The RTO’s reserve procurement enhancement models the effects of transmission constraints by accounting for the deliverability of reserves deployed from market-cleared resources and adding a marginal cost of delivering reserves to the zonal reserve market clearing price. The change would also subject sub-regional capacity commitments in South and binding flows in the Midwest-to-South direction on the sub-regional limit to the Independent Market Monitor’s mitigation authority.
MISO’s reserve procurement practices currently only apply to physical transmission constraints, not contractual constraints like the sub-regional limit with SPP.
MISO acknowledged in its filing that a new product providing capacity within 30 minutes would be most effective in solving South’s lack of fast-start resources and reserve scarcity but said its April proposal was a more near-term solution and asked that it become effective June 27. The RTO said it currently makes out-of-market commitments to meet South capacity requirements that result in high revenue sufficiency guarantee (RSG) costs.
In stakeholder meetings, MISO staff have said that a short-term capacity reserve would be especially helpful in South, which has less than 500 MW of capacity available within 30 minutes. The West of the Atchafalaya Basin load pocket has 100 MW of 30-minute reserves, while Amite South has none. (See “Short-term Capacity Product is a Go, MISO Concludes,” MISO Market Subcommittee Briefs: April 12, 2018.)
In an affidavit accompanying the filing and supporting expanded mitigation, Monitor David Patton said that South is more susceptible to market power than Midwest because South has more pivotal suppliers.
But FERC said MISO’s reserve plan only promised to abide by “appropriate limits” of its sub-regional transmission and did not explicitly reference the maximum contractual limits set forth in the MISO-SPP transmission use settlement agreement struck in 2015. The commission said it was “unclear” if MISO intended to abide by the established megawatt limits in the proposal.

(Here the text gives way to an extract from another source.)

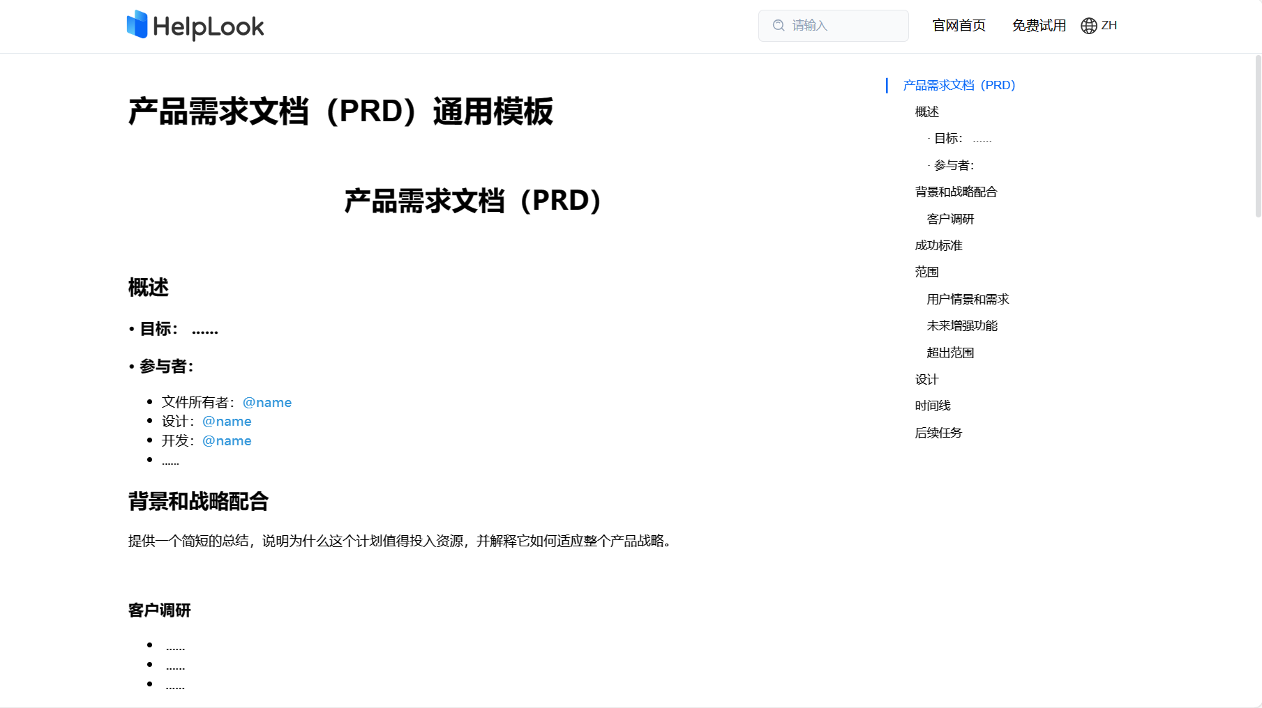 | 以上是PRD的一个示例,HelpLook是一个知识管理和帮助中心软件,它提供了一系列功能,可以为编写PRD提供帮助。

The commission also asked MISO to explain its generation shift factors — especially when the MISO-SPP contract path binds on flows into South — and to explain its process for updating shift factors.
FERC issued the deficiency letter after regulators from Texas, Arkansas, Louisiana, Mississippi and New Orleans filed a limited protest May 24. The regulators asked that MISO specify that its reserves procurement modeling will use a 3,000-MW limit on north-south flows and 2,500-MW cap on south-north flows, reflecting the regional directional transfer limits in the MISO-SPP joint operating agreement settlement.
The commission required MISO to list the number of hours by month that the sub-regional constraint bound in each direction during 2016 and 2017. It also instructed MISO to estimate the amount of RSG payments that would be affected had the changes been active in 2016. MISO had said that its proposal to extend mitigation would reduce RSG payments.
Finally, FERC asked MISO whether it or Patton could produce “any studies or analyses regarding the expected increase in the frequency with which the … constraint will bind into MISO South once MISO applies the reserve procurement enhancement provisions.”
The commission gave MISO three weeks to respond to its questions.